В последнее время возрастает интерес исследователей к изучению творческой биографии одного из лучших представителей русской поэзии начала XX века - Н.С. Гумилева. Обращение к поэтическому наследию Н.С. Гумилева обусловлено прежде всего огромным эстетическим и культурно-историческим значением его деятельности и в контексте литературного процесса начала XX века, и в связи с влиянием его творчества на последующие поколения поэтов.
Имена некоторых поэтов Серебряного века, в числе которых и имя Н.С. Гумилева, упоминались на протяжении советского периода истории лишь для того, чтобы «объяснить», какими реакционными и порочными были их взгляды и творчество. В течение многих десятилетий стихи их не переиздавались. Все это вынуждает исследователей по-новому взглянуть на творчество Н.С. Гумилева.
Научная новизна работы заключается в том, что в ней впервые выявляется целостная жизнетворческая концепция конкретной личности - одного из самых ярких представителей поэзии Серебряного века - Н.С. Гумилева. По мнению Ю.М. Лотмана, начиная с А.С. Пушкина, в русской культуре утверждается понимание «биографии как творческого деяния» (Лотман Ю.М. Литературная биография в историко-культурном контексте: К типологическому соотношению текста и личности автора // Уч. зап. Тартуского гос. ун-та. - Тарту, 1986. - Вып. 683. - С. 106-121. - С. 117.). Несомненно, что применительно и к Н.С. Гумилеву можно говорить о биографии как творческом деянии.
Путь поэта начинался с освоения жизнетворческих принципов символизма. Н.С. Гумилев входил в литературу, когда благодаря идеям символистов, в ней господствовало убеждение в том, что прежде чем в стихах, поэзия должна воплотиться в самом поэте и превратить его жизнь в произведение искусства.
Вторым аспектом нашей работы стали принципы создания образа в лирике и драматургии Н.С. Гумилева.
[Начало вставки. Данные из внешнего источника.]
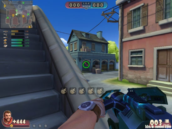 同样是敌人经常出现的一个地方,敌人和自己的附近都有血包,但是自己较为安全,小心楼梯上的敌人。
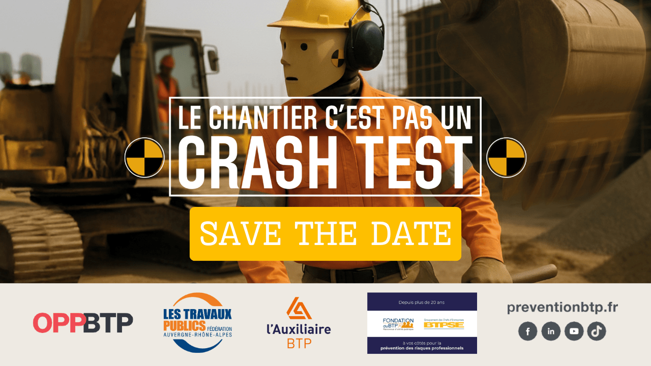 Chefs d’entreprise, encadrants, responsables de chantier : la FRTP Auvergne-Rhône-Alpes vous invite à une matinée inédite dédiée à la prévention des heurts engin-piéton, un risque majeur sur nos chantiers !
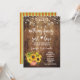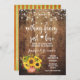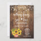 Le modèle de réception de mariage rustique avec tournesols indique "rien de fantaisiste, juste de l'amour" et comporte un fond en bois rustique, un panier avec des tournesols, des guirlandes lumineuses et un dos assorti. Pour accéder aux outils de modification avancés, veuillez aller dans « Personnaliser » puis cliquer sur le lien "cliquez pour personnaliser davantage".
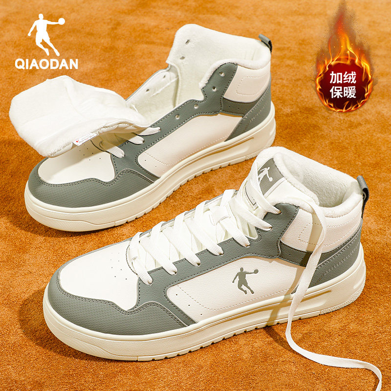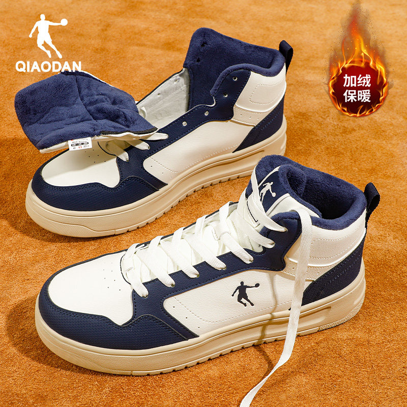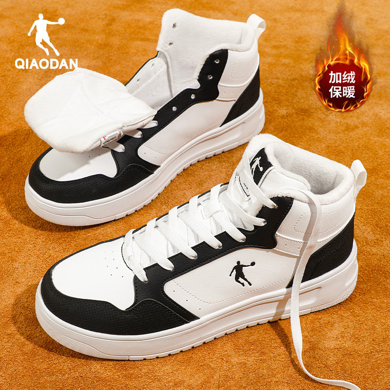乔丹皮面高帮板鞋加绒保暖二棉鞋男款2025冬季新款厚底休闲运动鞋
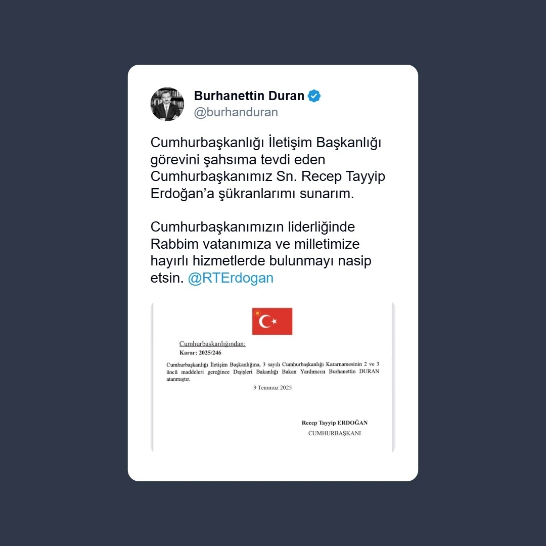 Cumhurbaşkanlığı İletişim Başkanlığı görevine Dışişleri Bakan Yardımcısı Burhanettin Duran getirildi. 9 Temmuz 2025 tarihli ve 2025/246 sayılı Cumhurbaşkanlığı Kararı ile Dışişleri Bakan Yardımcısı Burhanettin Duran, 3 sayılı Cumhurbaşkanlığı Kararnamesi’nin 2 ve 3’üncü maddeleri uyarınca Cumhurbaşkanlığı İletişim Başkanı olarak görevlendirildi.

Отдельно стоит отметить, что в сравнении с лирикой поэта, фундаментальных исследований, посвященных его драматургическим произведениям, на сегодняшний день крайне мало (Акимова Т.И. Драматургия Н.С. Гумилева в контексте культуры серебряного века // Дисс... на соиск. уч. ст. канд. филол. наук. - Саранск, 2003.).
Объектом нашего исследования стали стихотворения, составившие поэтические сборники Н.С. Гумилева с 1905 по 1921 года, а также драматургические тексты автора («Дон Жуан в Египте», «Дитя Аллаха», «Отравленная туника»).
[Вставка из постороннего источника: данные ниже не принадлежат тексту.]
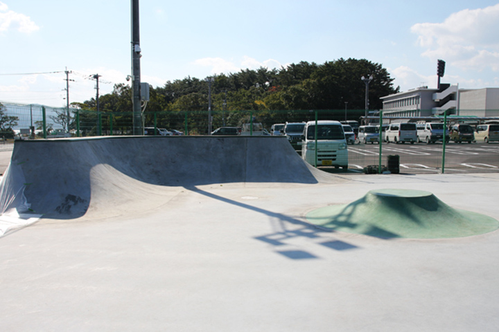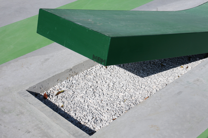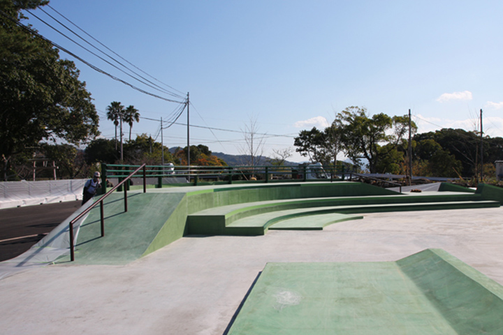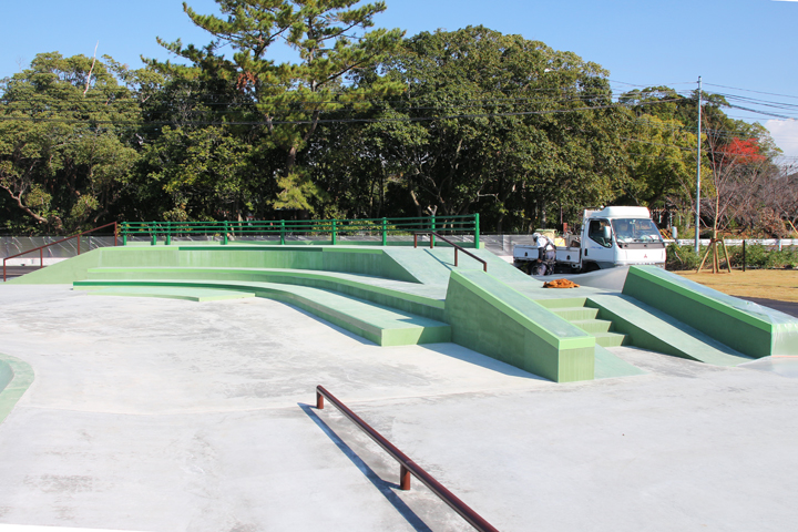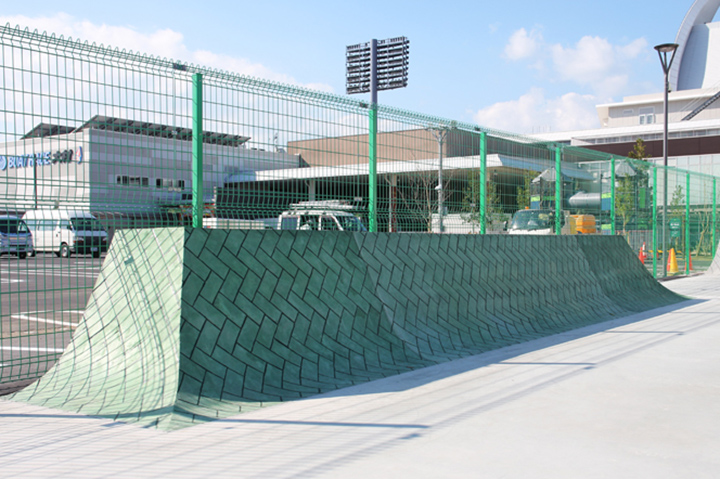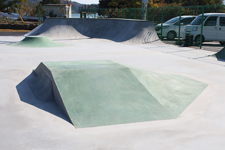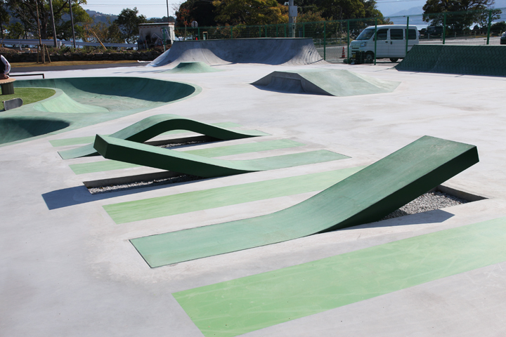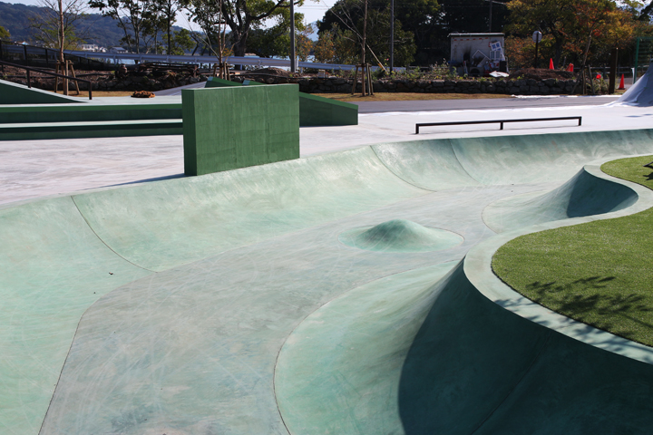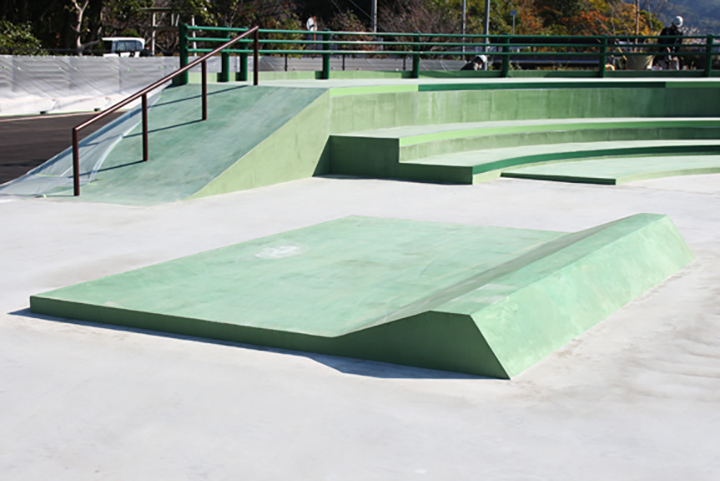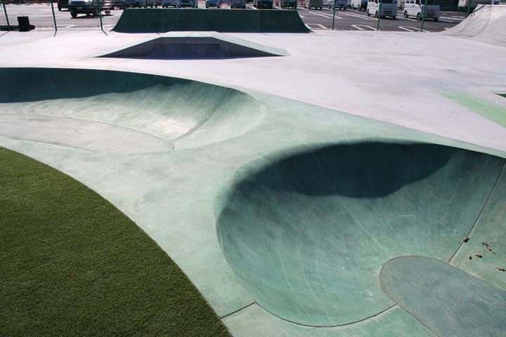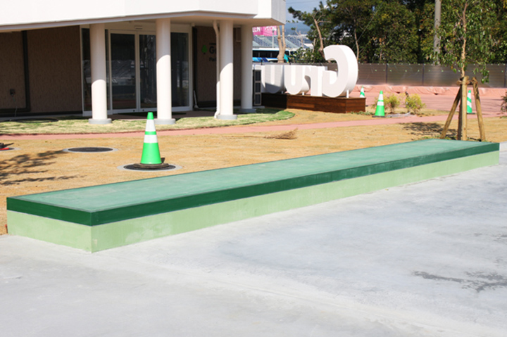 K: でも色をグリーンにするということで大理石とか御影石は使えなかったんです。色を塗るわけにもいかないし。ちなみにこれはコンクリートを2回打ちしてるんです。つまり1段目を打って、その上にもう1段打ってる。普通の建設屋さんだとL型のアングルを枠に張りつけて打っちゃうんですけど、そうするとちょっとした段差ができて仕上がりが悪くなっちゃう。それがイヤだから、うちはスケーターのことを考えて2回打つ。その辺のこだわりをやるかやらないかは、スケートパークビルドカンパニーか一般土木会社かの違いですね。

Предметом настоящего исследования являются феномен
«жизнетворчества», биография и образ в лирике и драматургии Н.С. Гумилева.
Цель работы - анализ происхождения и эволюции феномена «жизнетворчества», выявление жизнетворческой концепции Н.С. Гумилева и способов формирования образа в творчестве поэта.
В соответствии с поставленной целью сформулированы следующие задачи:
-исследовать феномен «жизнетворчества» в художественном пространстве Серебряного века; выявить его истоки (на примере символистов) и дальнейшую эволюцию (на примере футуристов и акмеистов);
-рассмотреть жизнестроительную стратегию Н.С. Гумилева в контексте актуальных для него идей О. Уайлда и Ф. Ницше;
-проанализировать ролевое позиционирование поэта на биографическом, социокультурном и художественном уровнях;
-раскрыть особенности эволюции лирических героев, природу авторского «я» и модели создания образа поэта и его ипостасей в художественном пространстве (на примере драматургических текстов) Н.С. Гумилева.
Методологическое обоснование работы. Исследование феномена «жизнетворчества» и творческого наследия Н.С. Гумилева предполагает междисциплинарный подход, когда литература все чаще начинает взаимодействовать и «сотрудничать» с другими областями. Один из подходов к анализу лирики и драматургии Н.С. Гумилева предполагает синтез литературоведения, философии, теологии и социологии. Связь поэзии Н.С. Гумилева с восточной философией и масонским учением не вызывает сомнений. Философские и религиозные «знаки» в его творчестве рассматриваются прежде всего как средство создания художественного образа, как «строительный материал» поэтической биографии.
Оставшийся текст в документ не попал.